Aim of the task: Please give back exactly the line with "This one-bedroom unit" and each line after it through the end of the material, leaving out the pictures.

++++++++

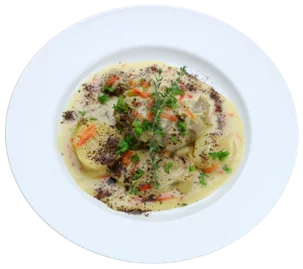 - ゴディバ ワーテルゾーイ(ベルギー風) 鶏肉のクリームソース煮込み:ゴディバ発祥の地ベルギーの郷土料理にホワイトチョコレートが奥行とコクを添え、ダークチョコレートと香草の巧みなブレンドが洗練された味わいに。
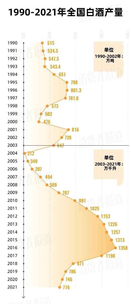 消道长整理了1990-2010年白酒产量数据,最低的年份只有312万千升。在2011年以前,产量一直在1000万吨以下,最近几年产量也有下降趋势。
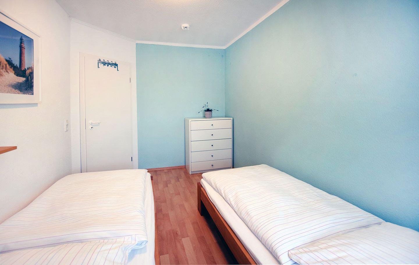 In den beiden Schlafzimmern finden Sie entspannende Nächte: Ein Schlafzimmer mit einem Doppelbett (180 x 200 cm) und ein weiteres Schlafzimmer mit zwei Einzelbetten (80 x 200 cm). Ein Kinderhochstuhl und ein Reisebett (ohne Bettwäsche) sind ebenfalls vorhanden.
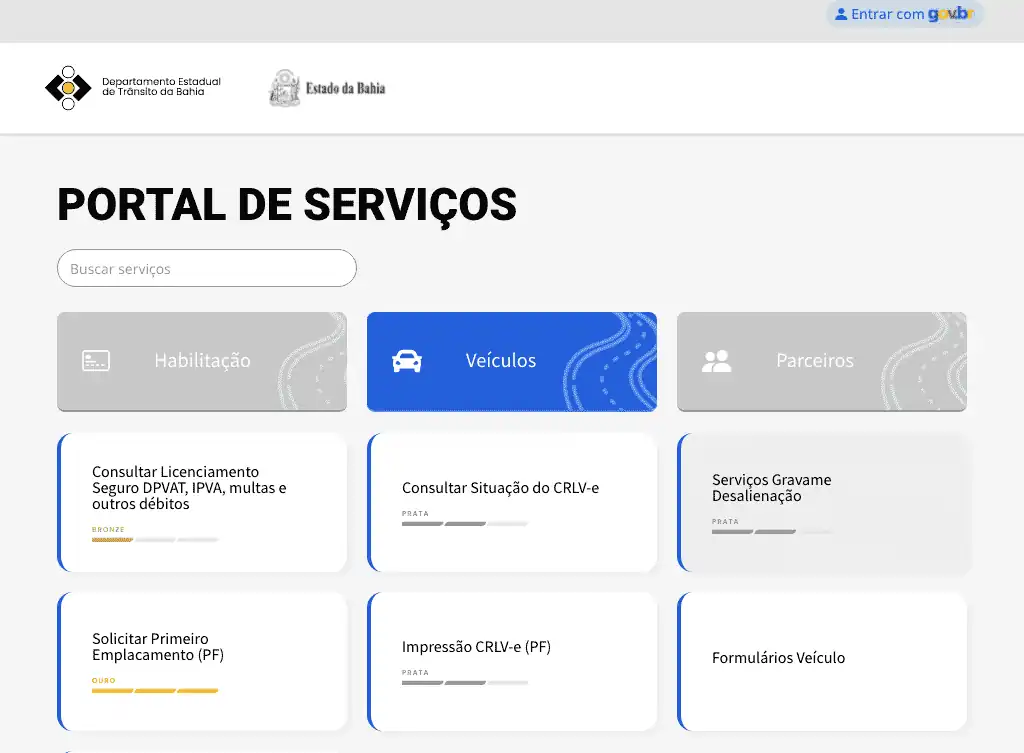 Verifica o andamento do processo de alienação e desalienação do veículo no site do Detran do estado da Bahia.
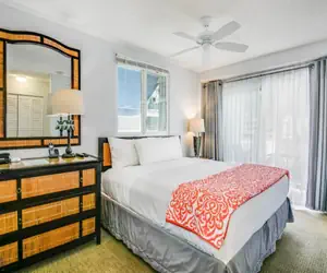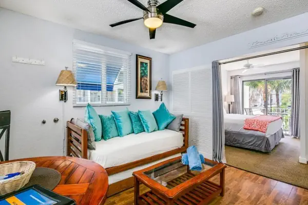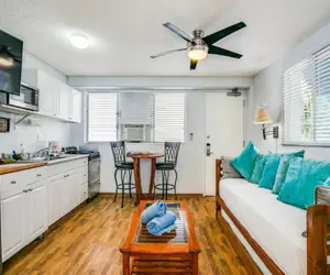 This one-bedroom unit features a private lanai, king size bed (sleeps 2), trundle bed sofa (sleeps 2), full kitchen, and full bath.
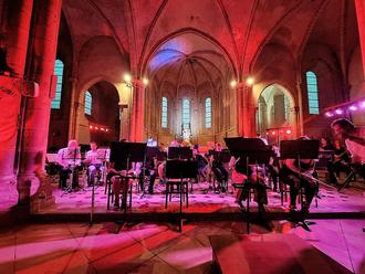 In der Kirche: Die Morbacher Musiker bei ihrem Vortrag in der illuminierten Kirche von Pont-sur-Yonne.

++++++++

Exercise result:
 This one-bedroom unit features a private lanai, king size bed (sleeps 2), trundle bed sofa (sleeps 2), full kitchen, and full bath.
 In der Kirche: Die Morbacher Musiker bei ihrem Vortrag in der illuminierten Kirche von Pont-sur-Yonne.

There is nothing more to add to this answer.